Sorption of DOM to soils depends on several factors such as concentration, pH, time, and soil mineral composition (Moore et al., 1992; Ussiri and Johnson, 2004; Lilienfein et al., 2004). Iron and aluminum oxides are important sorbents of DOM with sorption usually described as surface complexation of DOM carboxyl groups (Kaiser et al., 1997; Shen, 1999), while the role played by P ester groups for DOP sorption is not clear (Qualls and Haines, 1991). However, specific monoester-phosphate compounds as inositol hexaphosphate are sorbed in preference of inorganic phosphate on goethite kaolinite and illite through the phosphate groups of inositol hexaphosphate (Celi et al., 1999). Different observations of the pH effect on DOM mobilization have been reported (Vance and David, 1992; Shen, 1999). Ussiri and Johnson (2004) investigated DOM sorption to mineral forest soil and found maximum sorption of DOM at pH 4, which decreased both at higher and lower pH in accordance with maximum sorption taking place at the average acidity constant of DOM, which is around pH 3 to 5 (Buffle, 1990; Cambier and Sposito, 1991). The sorption of DOM is time dependent, with a declining rate as the concentration gradient between the solution and the sorbing soil aggregate becomes smaller (Renaud et al., 2004).

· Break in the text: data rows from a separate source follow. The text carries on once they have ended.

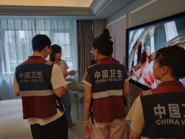 决胜阶段,园岭街道公卫中心启动赛事期间全时响应,通过“2+6”人员布防模式(2人驻守场馆、6人保障酒店及应急支援)定岗定责,并强化与区疾控、卫监所等部门联动,每日对接待酒店开展风险排查,形成“驻点+巡查”的守护闭环,确保公共卫生安全万无一失。
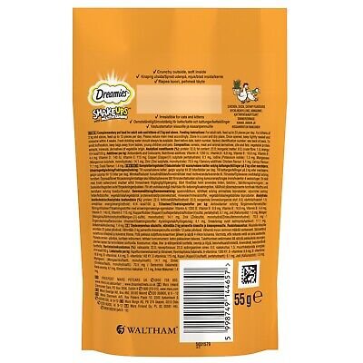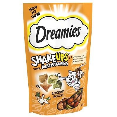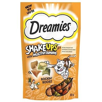 •    DREAMIES SHAKE UPS Multivitamins cat treats contain vitamins and minerals.
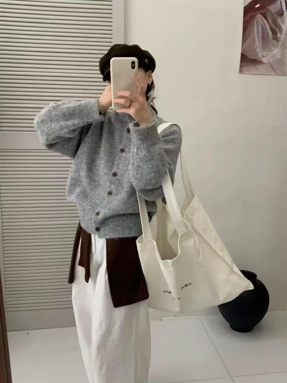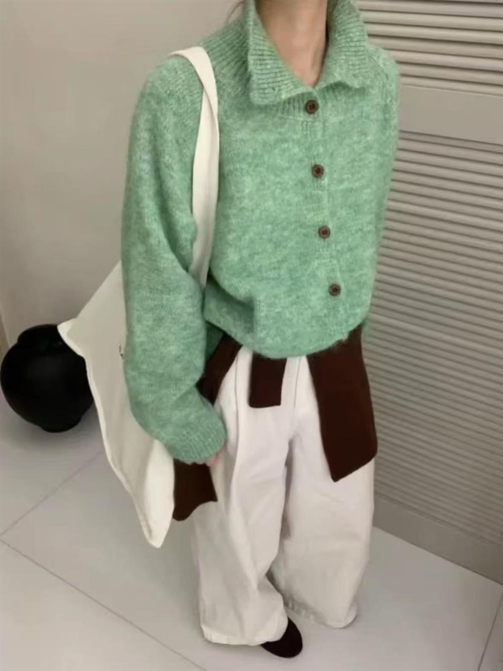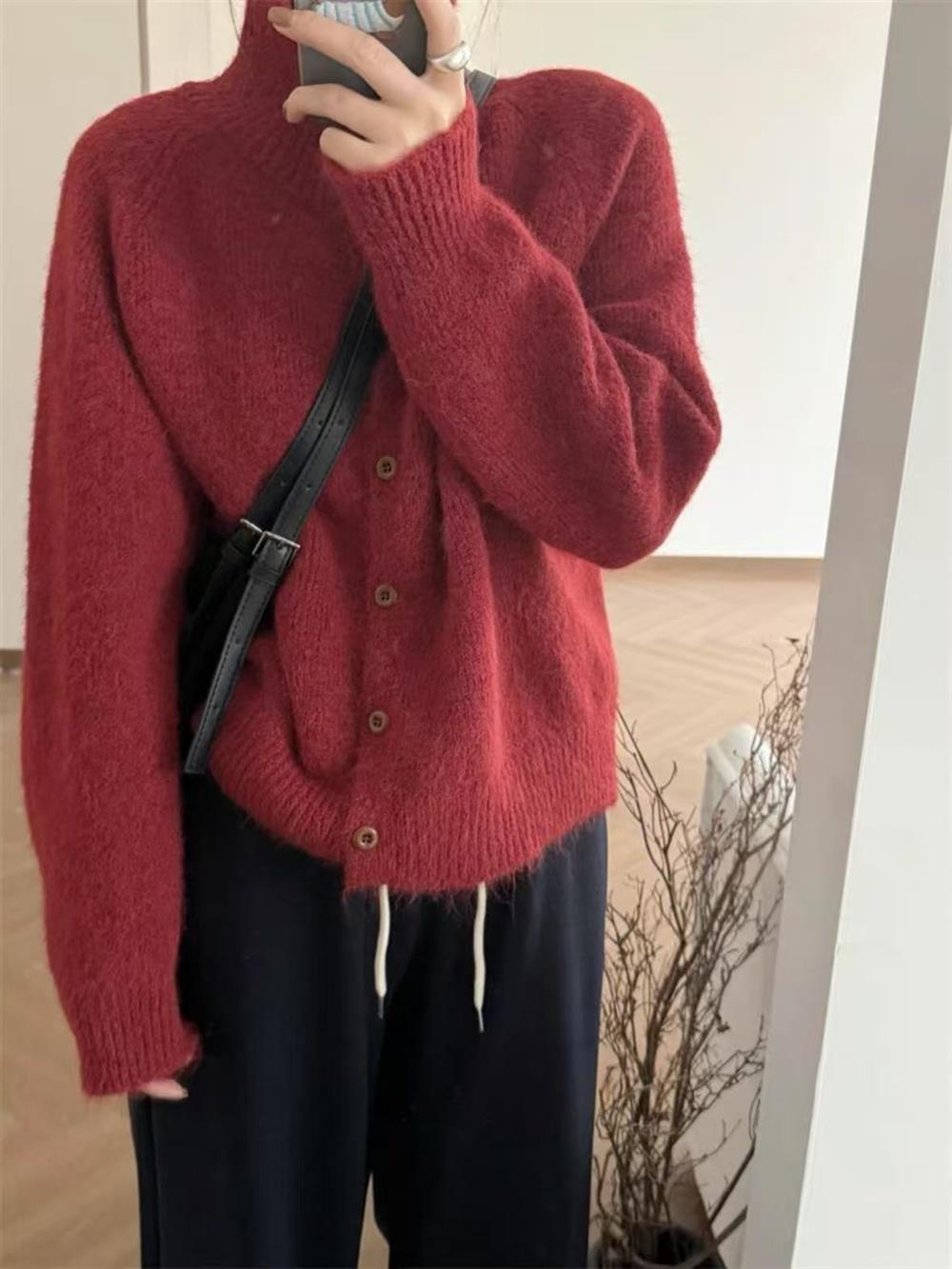 高級感立領針織開衫外套上衣女秋冬軟糯灰色內搭高領慵懶外穿毛衣

Several studies show that DOM fractionation occurs in forest soil due to sorption (e.g., Kaiser et al., 1996; Ussiri and Johnson, 2004). Different sorption affinity of DOC and DOP has been attributed to different P contents within DOM fractions having different affinities (Kaiser, 2001; Qualls and Haines, 1991). Wang et al. (1997) found that the more aromatic moieties of a fulvic acid on goethite were preferentially adsorbed. Hydrophobic DOM fractions are preferentially sorbed compared with hydrophilic DOM fractions (Kaiser et al., 1996) as hydrophobic DOM is relatively more rich in aromatic C and acidic groups than hydrophilic DOM (Kaiser, 2003). This preference results in a fractionation of the DOM according to molecular weight and as the elemental composition of DOM varies with the molecular weight, elemental fractionation of N, P, and C may be obtained as a consequence. For example, Kaiser (2001) and Qualls and Haines (1991) observed for forest soils that the hydrophilic fraction contained the vast majority of DOP and sorbed far less than the hydrophobic fraction, resulting in less overall retention of DOP than DOC. Sorption of DOM has received less attention in agricultural soils and to our knowledge no studies have reported a comparison of DOC and DOP sorption.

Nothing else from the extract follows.